ワード画面の保存をクリックし、慌てて髪を整える。
リュックを担いで車に乗り込む。

新幹線には間に合った。
しかし、手見上げは買えずじまいだ。
自由席はいつも3列シートを選ぶ。
充電のコンセントを確保し、メールの返信に明け暮れる。

名古屋校までは歩いて10分。
地下街を歩くこの10分が私のウィンドーショッピングだ。
ふと、ばぁばに何かプレゼントしたい、と思えてきた。

名古屋校が入るビルにつき、ドアのガラスに映る自分の姿に笑顔を準備する。
「こんにちは。」
私の声に数名の顔がこちらを振り向く。

3名は在校生と卒業生。見た顔である。
この3名がこの度、講師募集に名乗りを上げてくれた。
そして、もう3名は名古屋校の先生たち。
「校長先生、遠方からありがとうございます。」
恐れ多いご挨拶に謙遜してしまう。

私の本題は、先生たちの面談である。
新人研修の後、場所を移して話し合いをしようと約束していた。

先生たちが次々と席につくと、なにやら重たい空気が流れた。
先生たちはそれぞれに、耳が痛いことを聞く覚悟をしていたというのか。
私は切り出す。
「何か困っていることとか、こうしたほうが全体として良くなるというアイデアないですか。

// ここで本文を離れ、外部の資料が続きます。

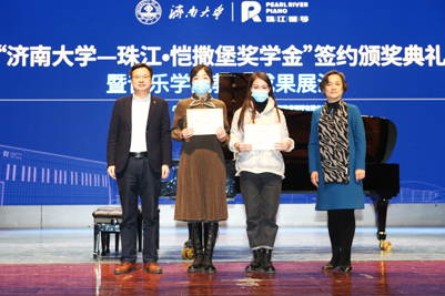 仪式上,开云kaiyun官网合作发展处副处长兼教育发展基金会办公室副主任李仲涛为广州珠江钢琴集团股份有限公司颁授捐赠证书。音乐学院党委书记刘振宣读获奖学生名单,到场的嘉宾和领导为获奖同学颁奖。获奖学生代表田雨同学在发言中表达了对珠江钢琴集团股份有限公司以及学校领导老师的感谢,她通过讲述自己的学习经历,勉励同学们要勤学善思、刻苦钻研,树立明确的人生目标,心怀感恩、回馈社会,做一个可持续发展的人。

」
「なんでも一つの事柄には、様々な評価が存在します。ある人は大絶賛し、ある人は真っ向から否定する。」
「だから私は点数をつけようとは思ってなくて。いろんな評価を聞いて、自分を知る参考にしたいと思っています。」

カフェの狭苦しいテーブル席に、距離感のあるメンバーが密着を強いられている。
顔を突き合わせる距離とうらはらに、心が後づさりするのを食い止めたかった。


沈黙を破るように口を開いた、M先生に続き、主任も口を開く。
それぞれが思っていた自分の立場。
お互いに知ってほしかった問題点。
失敗したこと。
知らない間に相手を傷つけてしまったこと。
許せないことと、許せる範囲。
速足でいろいろと話した。
テーブルの上や下で3人の手足が自由な動きを取り戻し、
彼女たちの気持ちがほぐれたことを確認した。


学校を運営していて、私が先生たちを束縛しようとする項目は何もない。
法律を侵さず、倫理的であればそれで良い。
もとを返せば、採用した時点で先生を信頼しているのだから。


一つお願いがあるとすれば、わだかまりを感じる前にサインを発してほしい。
鈍感な私でもよくわかるように。
「話がしたいです。」
「聞いて!」と言ってほしい。


話せばあらゆる方法が見つかると思う。
答えや選択肢は、考えれば考えるだけ出てくるのだから。